Webspace -w Specifies the webspace of the Site, e.g. "dataliberation" for a site located at http://sites.google.com/a/domain/dataliberation
Username -u Specifies the user name used to access the Site.
Password -p Specifies the password used to access the Site.
Directory -f Specifies the root directory to export to / import from.
Revisions -r If this flag is included, then the revisions of all of the pages in the Site will be exported/imported as well as the current page (optional).

Structure

The folder structure of an exported site is meant to mimic the Sites UI as closely as possible. Thus if exporting to a directory "rootdirectory," a top-level page normally located at webspace/pagename, would be in a file named index.html, located in rootdirectory/pagename. A subpage of that page, normally located at webspace/pagename/subpage, would be in a file named index.html in rootdirectory/pagename/subpage. Attachments are downloaded to the same directory as the index.html page to which they belong, and if revisions are exported, they will be located in a directory called "revisions" within the directory containing the index.html file. Each revision will be in its own file named number.html. Additionally, if revisions are exported, a file named "history.html" will be placed in the same directory as the index.html file, containing links to all of the revisions of the page. However, the history.html file is not used for import, and thus may be omitted even when importing revisions.

Format

The exported html uses meta-data to include semantic information necessary for import. When possible, the format follows the hAtom microformats specification. However, since the hAtom specification is meant to encode a subset of the Atom syndication format, and GData is a superset of the Atom format, there are a number of differences/additions. The following is a list of Sites API elements and their html encodings. For more information of the meaning of each element, see the Sites API documentation.

GData Element Microformat Class Details
entry hentry As in the hAtom spec, entries are encoded by specifying the class of an html element to be "hentry." However, since all entries in the Sites API have exactly one kind (encoded as a category), the class must also contain the label for the entry's kind (e.g. "hentry webpage").
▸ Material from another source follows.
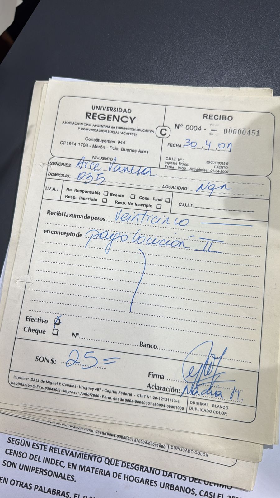 Arce conserva los recibos originales, fechados entre 1999 y 2002, y asegura que nunca recibió un reintegro ni explicación. “Invertí cuatro años de mi vida, pagué con sacrificio y me quedé sin nada. Era mi sueño, quería ser periodista”, afirmó entre lágrimas.

Additionally, an entry's id is encoded as the value of the id attribute in the hentry element.
author author As in the hAtom spec, the author of an entry is specified with the class "author". The author html element must contain an hCard, specified by the class "vcard." However, since all entries in a Site contain exactly one author with an email address, name, and nothing more, the entry should contain only one element with class "author," and the vcard can be encoded as "name," since this is the natural representation.
content entry-content As in the hAtom spec, the content of an entry is specified with an html element with class "entry-content." In the case of xhtml content, everything within the content element is taken as the content of the entry. However, since attachments contain out-of-line content, if the entry-content element contains an href attribute, then that value is taken as out-of-line content, and the element's inner-html is not parsed as content.
summary entry-summary As in the hAtom spec, the summary of an entry is specified with the class "entry-summary," with the element's inner html taken as the value. The summary element is used for the description of an attachment in a file cabinet.
title entry-title As in the hAtom spec, the title of an entry is specified with an html element with class, "entry-title." Since the title of a Sites entry can only contain plaintext, the title parsed from an "entry-title" is any plaintext within the element.
updated updated As in the hAom spec, the updated time of entry is specified with class, "updated", and encoded using the datetime-design-pattern.
sites:revision sites:revision The revision number of an entry is encoded with the class, "sites:revision", where the plaintext within the inner html is parsed as an integer.
gs:data gs:data List pages in the GData feeds contain a gs:data element which contains gs:column elements encoding the list's column headers. Likewise the html list page entry must contain an element with class "gs:data" which itself contains encoded gs:column's.
gs:column gs:column The columns for a list page are encoded with class "gs:column" and must be embedded within an html element with class "gs:data." The gs:column index attribute is encoded as the title attribute in the html element, and the name attribute is encoded as the inner html.
gs:field gs:field List items in the GData feeds contain gs:field elements representing each of the list item's field's indices, names, and values. The field is encoded in html as an element with class, "gs:field", where the value is the element's inner html, and the index is the element's title attribute value. The name is not encoded in the html since it can be inferred from the index and the corresponding list page to which the list item belongs.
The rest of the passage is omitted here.